The Viking colonies in America did not endure. Leif returned to Greenland, where his son Thorkell succeeded him as chieftain; Gudred made the pilgrimage to Jerusalem and ended as a nun on Iceland, where her American son became the forefather of many Icelanders. Their American adventure did not change the world – the colonists were too few and the European prizes were too rich. Yet, as a newly discovered Milanese document reveals, knowledge of the continent’s existence was passed down by Nordic sailors.*

A Danish king Harthacnut still ruled England, recognizing as his heir the Aethling Edward, son of Aethelred, later celebrated for saintly piety as the Confessor. But on 8 June 1042 Harthacnut, attending a wedding in London, raised a toast to the bride and ‘suddenly fell to the earth with an awful convulsion’. The saintly Edward probably poisoned him. Edward was supported by the prince blinder, mass-scalper and kingmaker Godwin of Wessex, who, married to Canute’s sister-in-law, had helped destroy his father and killed at least one brother. But now they soothed these crimes with marriage: Edward married Godwin’s daughter Edith and raised his son Harold to earl. When Godwin died, Harold, half Anglo-Saxon, half Dane, succeeded as the first potentate of the kingdom, earl of Wessex. Since Edward had no children, who would inherit England?

The island was on the edge of Europe, but Canute’s Roman trip showed how this Scando-Britannic empire was now linked by Mediterranean trade routes to Asia. Two coins from a resurgent China have been found in Edward’s England, while in Egypt the Mad Caliph, al-Hakim, had gone much further, contacting the new Chinese emperor.

But in Cairo this Arab Caligula turned on his entourage. Once, passing a butcher’s shop, he just took a cleaver and killed one of his courtiers without even stopping. Then he cancelled his anti-Jewish, anti-Christian decrees and enforced a new puritanism on the Cairenes. All women had to wear veils and alcohol was banned – a sign of how lax society had become in Cairo.
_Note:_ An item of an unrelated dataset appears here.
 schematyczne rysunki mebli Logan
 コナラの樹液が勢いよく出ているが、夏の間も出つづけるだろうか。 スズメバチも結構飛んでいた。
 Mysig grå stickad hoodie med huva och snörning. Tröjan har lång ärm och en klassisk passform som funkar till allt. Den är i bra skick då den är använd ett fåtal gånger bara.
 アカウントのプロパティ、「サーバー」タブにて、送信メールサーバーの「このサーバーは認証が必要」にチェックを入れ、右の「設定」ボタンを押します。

He beheaded many of his own concubines, banned all singing and dancing, then forbade women from going out at all, even to shop. When they ignored his orders, they were killed. When they protested that they had to go out shopping, al-Hakim told them to order deliveries to the home – a caliphal version of Amazon. Other strange measures followed: his wasita (chief minister) and generals were frequently executed; cats and dogs were destroyed; eating watercress, grapes and fish without scales was banned.
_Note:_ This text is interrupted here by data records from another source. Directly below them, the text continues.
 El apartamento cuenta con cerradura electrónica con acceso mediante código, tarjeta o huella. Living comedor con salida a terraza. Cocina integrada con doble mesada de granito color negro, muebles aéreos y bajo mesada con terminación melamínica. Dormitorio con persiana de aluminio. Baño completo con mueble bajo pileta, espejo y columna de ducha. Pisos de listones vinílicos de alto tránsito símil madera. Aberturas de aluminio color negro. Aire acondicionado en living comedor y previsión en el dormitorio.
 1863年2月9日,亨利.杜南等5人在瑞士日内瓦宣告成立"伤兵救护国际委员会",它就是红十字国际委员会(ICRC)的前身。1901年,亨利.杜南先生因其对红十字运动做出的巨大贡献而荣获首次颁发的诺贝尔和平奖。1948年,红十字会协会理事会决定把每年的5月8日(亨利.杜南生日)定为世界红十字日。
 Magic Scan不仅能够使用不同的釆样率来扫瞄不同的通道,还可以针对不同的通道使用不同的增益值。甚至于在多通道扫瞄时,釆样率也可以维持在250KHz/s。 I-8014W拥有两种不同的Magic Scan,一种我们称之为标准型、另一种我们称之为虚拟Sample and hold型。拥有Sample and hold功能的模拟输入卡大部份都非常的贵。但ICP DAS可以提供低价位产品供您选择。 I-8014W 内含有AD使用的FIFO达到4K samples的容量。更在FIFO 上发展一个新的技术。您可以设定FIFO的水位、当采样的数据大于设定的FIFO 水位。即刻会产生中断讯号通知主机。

Touched by the sanctity of the imamate and the young caliph’s wild charisma, some Ismaili sectarians believed that al-Hakim ‘personified God within him’ and hailed him as divine, an idea that appealed to the caliph, who now wandered Cairo streets in drug-fuelled trances. But the grandees were worried.

Al-Hakim was close to his sister Sitt al-Mulk – a title that meant Lady of Power. She was fearless, fortyish, as blonde and blue-eyed as the caliph. But he now became paranoid about her intrigues. Some of his suspicions were correct. Sitt al-Mulk lived in splendour in her own palace where she dared to hide potential victims of her brother’s insanity. Al-Hakim accused her of ‘fornication’ with generals and viziers, executing one who may have been her lover. Sitt al-Mulk realized she was in peril and made her plans.
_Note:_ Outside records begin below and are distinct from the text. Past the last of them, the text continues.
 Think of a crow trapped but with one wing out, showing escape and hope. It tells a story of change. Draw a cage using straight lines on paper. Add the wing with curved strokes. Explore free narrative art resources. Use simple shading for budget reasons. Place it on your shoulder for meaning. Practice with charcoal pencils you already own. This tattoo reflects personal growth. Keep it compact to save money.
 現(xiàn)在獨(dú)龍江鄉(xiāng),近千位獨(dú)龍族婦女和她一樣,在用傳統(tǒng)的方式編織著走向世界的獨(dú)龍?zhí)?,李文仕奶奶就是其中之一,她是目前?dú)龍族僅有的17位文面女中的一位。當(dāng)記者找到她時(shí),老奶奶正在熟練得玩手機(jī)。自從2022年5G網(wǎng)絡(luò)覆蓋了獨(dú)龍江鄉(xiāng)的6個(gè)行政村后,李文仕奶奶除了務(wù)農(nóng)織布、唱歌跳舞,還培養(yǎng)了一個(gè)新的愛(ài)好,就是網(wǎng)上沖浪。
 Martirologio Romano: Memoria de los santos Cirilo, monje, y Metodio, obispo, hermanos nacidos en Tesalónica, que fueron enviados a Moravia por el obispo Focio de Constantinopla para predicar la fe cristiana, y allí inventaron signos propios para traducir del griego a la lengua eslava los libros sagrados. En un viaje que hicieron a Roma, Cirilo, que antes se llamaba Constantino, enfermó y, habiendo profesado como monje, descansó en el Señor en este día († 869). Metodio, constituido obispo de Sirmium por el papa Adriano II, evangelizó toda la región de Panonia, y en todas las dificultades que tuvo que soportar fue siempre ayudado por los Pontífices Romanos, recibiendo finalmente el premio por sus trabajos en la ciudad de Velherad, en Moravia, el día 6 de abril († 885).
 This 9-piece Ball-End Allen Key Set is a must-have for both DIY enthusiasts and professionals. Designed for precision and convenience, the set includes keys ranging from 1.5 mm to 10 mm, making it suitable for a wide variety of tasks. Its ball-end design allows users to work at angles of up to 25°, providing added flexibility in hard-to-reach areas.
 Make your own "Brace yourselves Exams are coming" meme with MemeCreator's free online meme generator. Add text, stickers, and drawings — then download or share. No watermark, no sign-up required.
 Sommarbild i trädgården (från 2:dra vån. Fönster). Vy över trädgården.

When al-Hakim nominated a cousin, not his young son al-Zahir, as heir, Sitt al-Mulk protected the child and wrote to a general called Ibn Daws to tell him that the caliph accused the two of them of having an affair. It was either kill or be killed.

In 1021, al-Hakim, now thirty-six, rode out of Cairo to meditate and never came back. His body was never found, just bloodied rags.

Yet his influence has endured to this day.* Al-Hakim, whose ports in Arabia and the Red Sea regularly traded with India and China, learned from these seafarers that something had changed in China. In 1008, he sent a sea captain, Domiyat, to China to deliver gifts and letters to Zhenzong, emperor of a new dynasty – the Song – that had opened a new act and made the Central Country the most dynamic, prosperous, sophisticated and technologically innovative empire on earth. As if inventing gunpowder, printing and the compass was not enough, its founder may have invented football.